Benchmarking the copying operation:

def base(full, n):
    full = full.copy()

In [102]: %timeit base(full, 500)
100 loops, best of 3: 4.11 ms per loop

shows this added about 4ms to the 5s benchmark for nlargest_indices_orig.

Warning: nlargest_indices and nlargest_indices_orig may return different results if arr contains repeated values.

nlargest_indices finds the n largest values in arr and then returns the x and y indices corresponding to the locations of those values.

nlargest_indices_orig finds the n largest values in arr and then returns one x and y index for each large value. If there is more than one x and y corresponding to the same large value, then some locations where large values occur may be missed.

They also return indices in a different order, but I suppose that does not matter for your purpose of plotting.

If you want to know the indices of the n max/min values in the 2d array, my solution (for largest is)

indx = divmod((-full).argpartition(num_largest,axis=None)[:3],full.shape[0])

This finds the indices of the largest values from the flattened array and then determines the index in the 2d array based on the remainder and mod.

Nevermind. Benchmarking shows the unravel method is twice as fast at least for num_largest = 3.
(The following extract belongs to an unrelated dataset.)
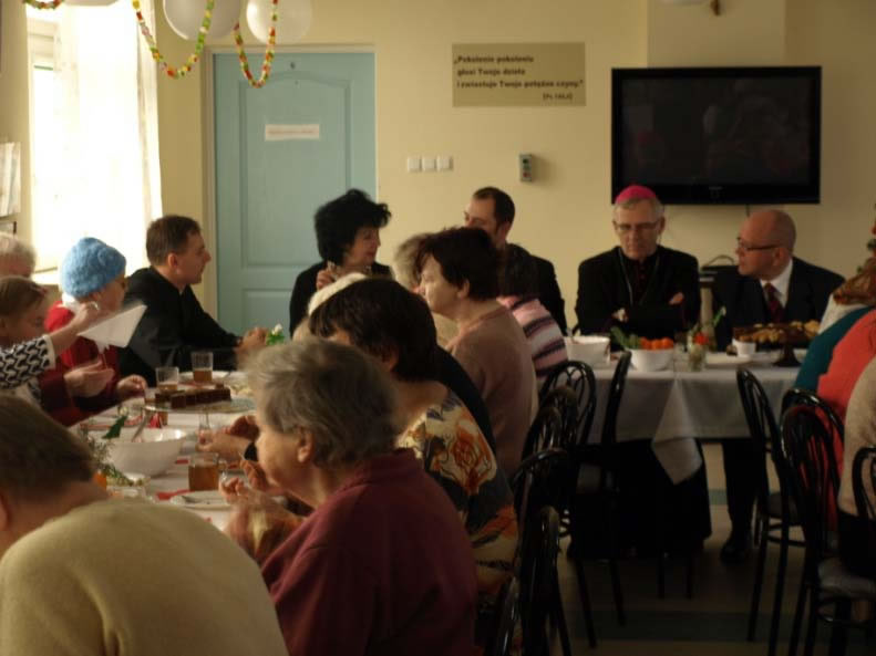 23.12.2011 o godz. 14.00 odbyło się spotkanie opłatkowe, któremu przewodniczył ks. Bp. Kazimierz Gurda. Zaproszeni goście, przyjaciele naszego Domu, spotkali się przy wspólnym stole z podopiecznymi i pracownikami zakładu. Wszyscy uczestnicy spotkania dzielili się opłatkiem, składając życzenia wszelkiej pomyślności. Wigilijna kolacja zakończyła się wspólnym kolędowaniem.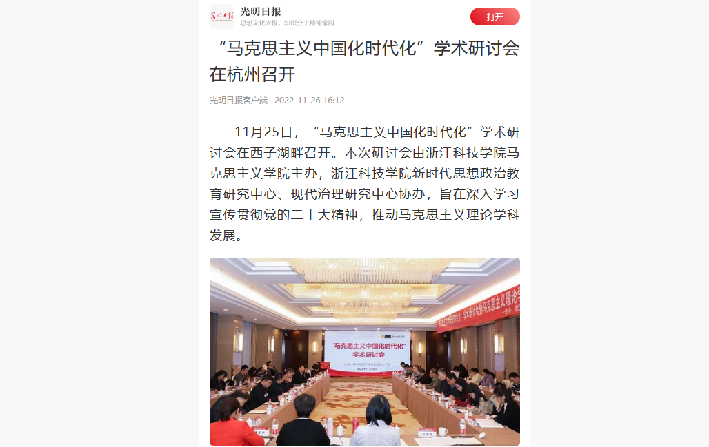 11月25日,“马克思主义中国化时代化”学术研讨会在西子湖畔召开。本次研讨会由浙江科技学院马克思主义学院主办,浙江科技学院新时代思想政治教育研究中心、现代治理研究中心协办,旨在深入学习宣传贯彻党的二十大精神,推动马克思主义理论学科发展。光明日报客户端、小时新闻等媒体对研讨会进行了报道。

I'm afraid that the most time-consuming part is recalculating maximum. In fact, you have to calculate maximum of 1002*1004 numbers 500 times which gives you 500 million comparisons.

Probably you should write your own algorithm to find the solution in one pass: keep only 1000 greatest numbers (or their indices) somewhere while scanning your 2D array (without modifying the source array). I think that some sort of a binary heap (have a look at heapq) would suit for the storage.